The attorney (see video on this website) claims all sort of reasons that
don't make a lot of sense especially if ARTICLE 15, RURAL ELECTRIC COOPERATIVES.
Section 6 -15-7 is consulted.
"The original bylaws of a cooperative shall be adopted by its board
of trustees. Thereafter bylaws shall be adopted, amended or repealed by
the majority of the members present at any regular annual meeting or special
meeting called for that purpose, a quorum being present......." This
is a state law was not mentioned during the meeting because this law clearly
indicates that members "adopt, amend, or repeal" and the trustees
do not. In the SEC's topsy-turvey world, the opposite is being mandated
with the defeated 2012 trustee amendments being on the 2013 ballot along
with the 3 amendments raised from the floor by members in 2012.
This attorney and/or the board has no right to block the District 5 amendments.
It is not their function or right. Neither should a "committee"
be established to "overlook" or "correct" their amendments.
The bylaw demand an up or down vote without interference.
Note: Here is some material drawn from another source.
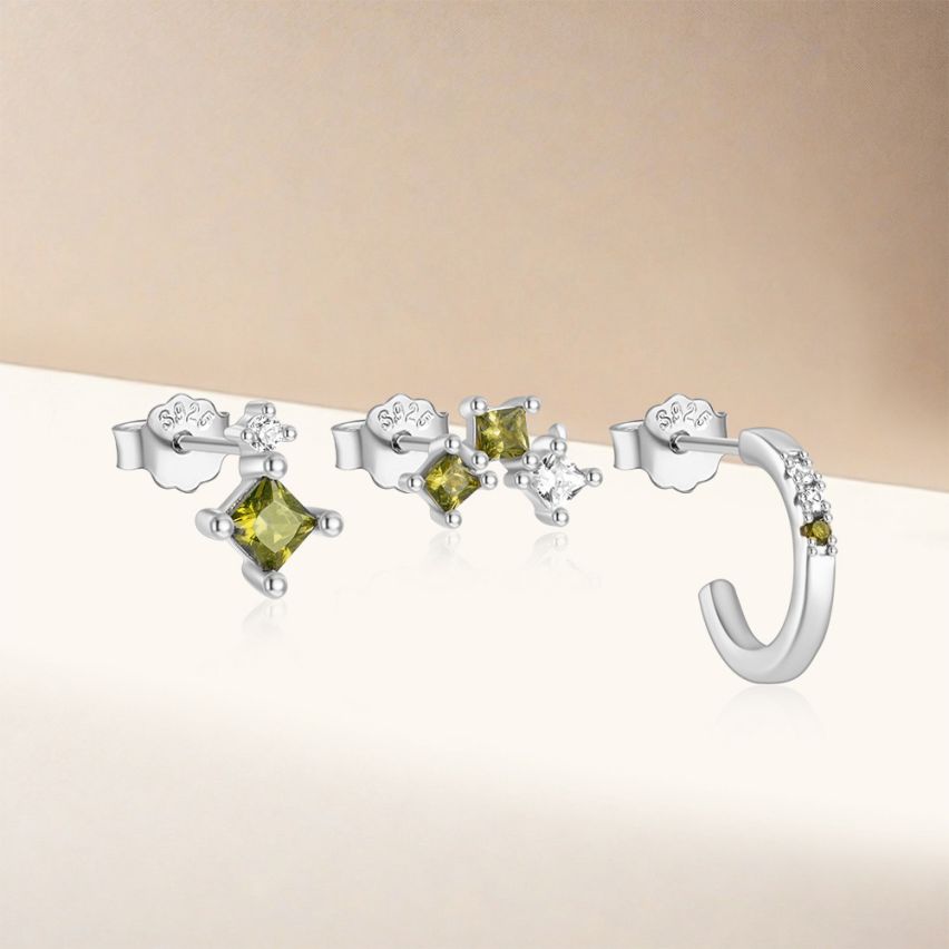 925 Silver Rhodium Plating Olive green Zircon Sets Earrings 1.2g

Thankfully there
is a video tape of the meeting so other claims as to quorum and meeting
behavior can contradict the "draft minutes" by the secretary
of the meeting who is a SEC staff member. There will be further action
on this matter - remember that Judge Mitchell ruled on member amendments
in 2011.
WHAT CAN BE DONE? Let your trustees know what you think with a copy to
the newspaper and cynic website. Talk to friends and neighbors for these
and other issues are headed straight for a "necessary" rate
increase. Donate to the members' legal fund as we will probably have to
head for court again.
Most
important
.. There are elections scheduled for October, 2013 in
District 2 (Magdalena, Alamo, and the west side of Socorro) and District
3 (Socorro). Start thinking about good honest people who will act for
the members on the board to run for these slots. Be careful of supposed
"reformers" who will turn on the members as soon as they are
elected. No person who has served on the board before should ever be elected
again. Consider recall for those who have been on the board for years
to the members harm. Once the board belongs to the members, things will
straighten out and we will be rid of this constant battle.
033013-Comments
on the 3/28 meeting
March
27 Commentary
Everybody
understands that it is much more comfortable to skip going to the SEC
Board meetings and just stay home and watch the tapes of the meetings.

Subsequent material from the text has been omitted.